BHSAI Develops System to Identify Patients with Severe Bleeding During Transport
Did you know that the majority of casualties that die on the battlefield die from uncontrolled bleeding? Analysis of data from conflicts in Iraq and Afghanistan indicates that approximately 22 percent of Service Members who died following severe bleeding after injury could have potentially been saved had their hemorrhaging been controlled early on.
Experts in the combat casualty care community believe that the opportunity to save casualties is in the pre-hospital environment. Saving a life does not just happen once you get to the hospital, it happens when you can manage hemorrhage at the point of injury or in transit to a medical treatment facility.
Given this information, how would one go about handling, or even recognizing the need for administering a blood transfusion? The Biotechnology High Performance Computing Software Applications Institute, one of the Telemedicine & Advanced Technology Research Center's key labs, is addressing this issue with development of the Automated Processing of the Physiologic Registry for Assessment of Injury Severity system, or APPRAISE.
APPRAISE is an artificial intelligence-based system that can alert medics when trauma patients are in need of massive blood transfusions without any human intervention. It collects and analyzes, in real time, vital sign information from the patient during pre-hospital transport. It then uses the results of that analysis to determine if the patient will need a massive blood transfusion before the patient arrives at the hospital.
The system consists of an off-the-shelf vital signs monitor connected to a ruggedized PC running Microsoft Windows. Dr. Jaques Reifman, Ph.D., BHSAI director, and members of his team, Maxim Khitrov and Jianbo Liu, Ph.D., and Andrew T. Reisner, M.D., an investigator with BHSAI at the time of development, and an emergency room doctor at Massachusetts General Hospital, collaborated to develop the APPRAISE system.
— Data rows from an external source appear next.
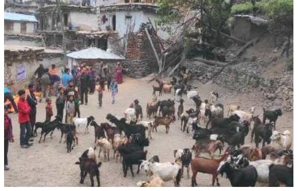
पशु स्वास्थ्य शिविर/परजिवी नियन्त्रण/आकस्मिक उपचार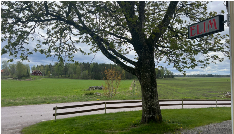
I Elim i Ekeby samlades vi till gudstjänst på Kristi himmelfärd dag. Utsikt från entrén till kapellet.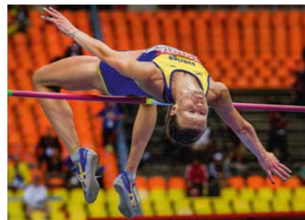
Friidrotts-VM. Moskva, 2013.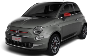
695 (5DP) Siva Pompei (metalik)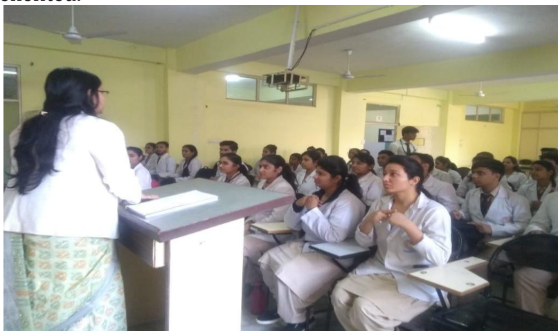
Physiotherapy Department: A lecture on Lifestyle Modification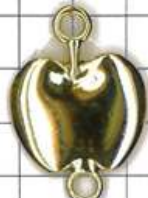
SD503両面 リンゴ(丸カン付)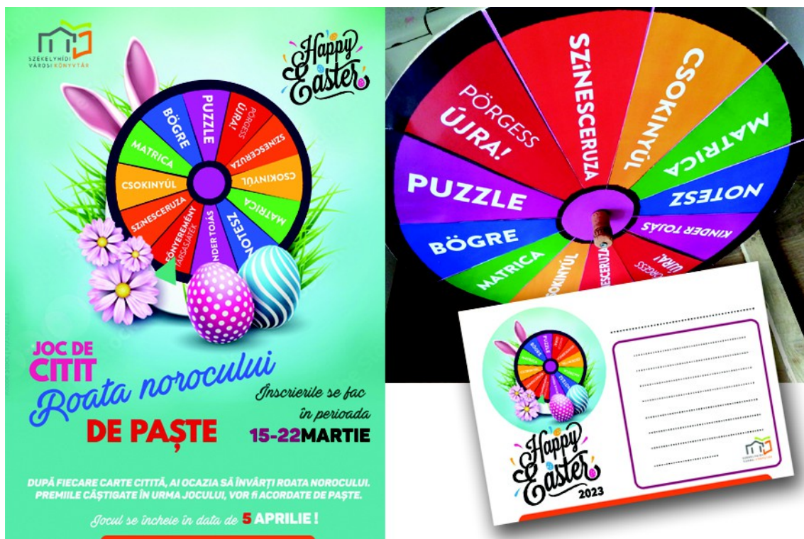
Figura 11.- Afișul pentru joc (stânga), ”roata de noroc” și fișa pentru participanți (dreapta), (2023)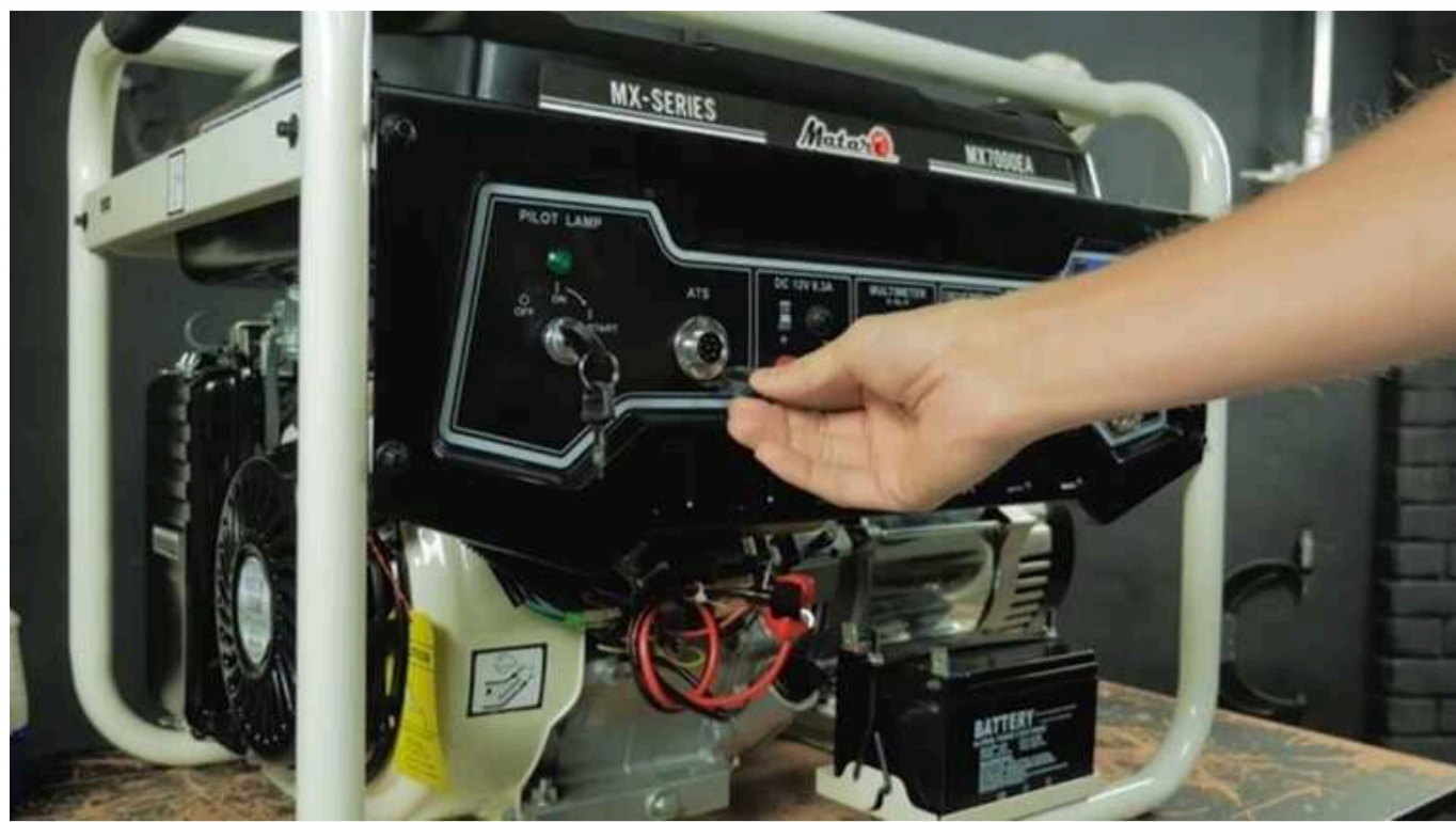
У МОЗ спростували інформацію про «штраф за генератори»

У Міністерстві охорони здоров'я заявляють, що під час ліквідації аварійних та надзвичайних ситуацій норми щодо допустимого рівня шуму, зокрема від генераторів, не застосовуються.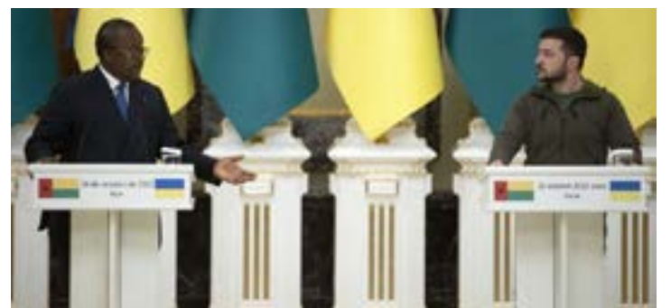
Umaro Sissoco Embaló et Volodymyr Zelenski

En Ukraine, et avant d'être reçu par le président Zelenski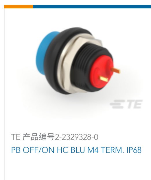
TE 产品编号 2-2329328-0 PB OFF/ON HC BLU M4 TERM. IP68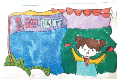
小记者:齐颖哲 证号:210500 周口李庄小学二(3)班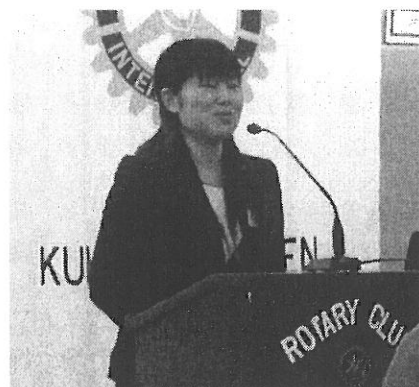
カ久夏実アクト会長挨拶

「熊本グリーンRAC今年度活動計画について」 —今年度活動方針と2ヶ月の活動報告—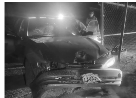
color negro, con placas de circulación 7DDX882 del estado de California.

No se reportaron detenidos, pero cerca del lugar fue encontrado abandonado, con las ventanas abajo y las llaves puestas, siendo este Nissan Sentra,

"A benefit of the system is that it uses standard vital signs, such as EKG, heart rate, and blood pressure, which caregivers are already familiar with," said Reifman . "There is no need for training care givers to new sensor modalities, so APPRAISE can be easily disseminated throughout the healthcare system."
The team worked with Boston MedFlight, a not-for-profit organization operating in Boston and New England that served as the equivalent to a shock trauma medevac, to test and validate the BHSAI-developed mathematical models and algorithms in a prospective study.
For nearly two years the APPRAISE system was used in Boston MedFlight helicopters to monitor trauma patients during emergency transports. Patients were then transported to one of three hospital partners: Massachusetts General Hospital, Brigham and Women's Hospital, and Beth Israel Deaconess Medical Center.
By comparing clinical and trauma registry data with computer predictions, BHSAI scientists found that the APPRAISE system was able to automatically identify casualties in need of massive blood transfusions with 78 percent sensitivity and 90 percent specificity within 10 minutes of the start of transport to the trauma center. This was the first time that anyone, not just the Army, had been able to collect and analyze data in real time as patients were being transported.
The BHSAI team has received two U.S. patents for the APPRAISE system and is currently pursuing FDA approval and a licensing agreement with a commercial partner.
Excited about the results and what this technology could mean for Warfighters in the future Reifman said, "[The] bottom line is that the majority of the casualties on the battlefield are due to uncontrollable bleeding. Here, we deployed in the civilian setting a technology that demonstrates how we can identify bleeding patients pre-hospital, in real time, and in a fully automated fashion in a prospective trial."
More information about the APPRAISE system trial will be documented in the May 2015 issue of the journal Shock.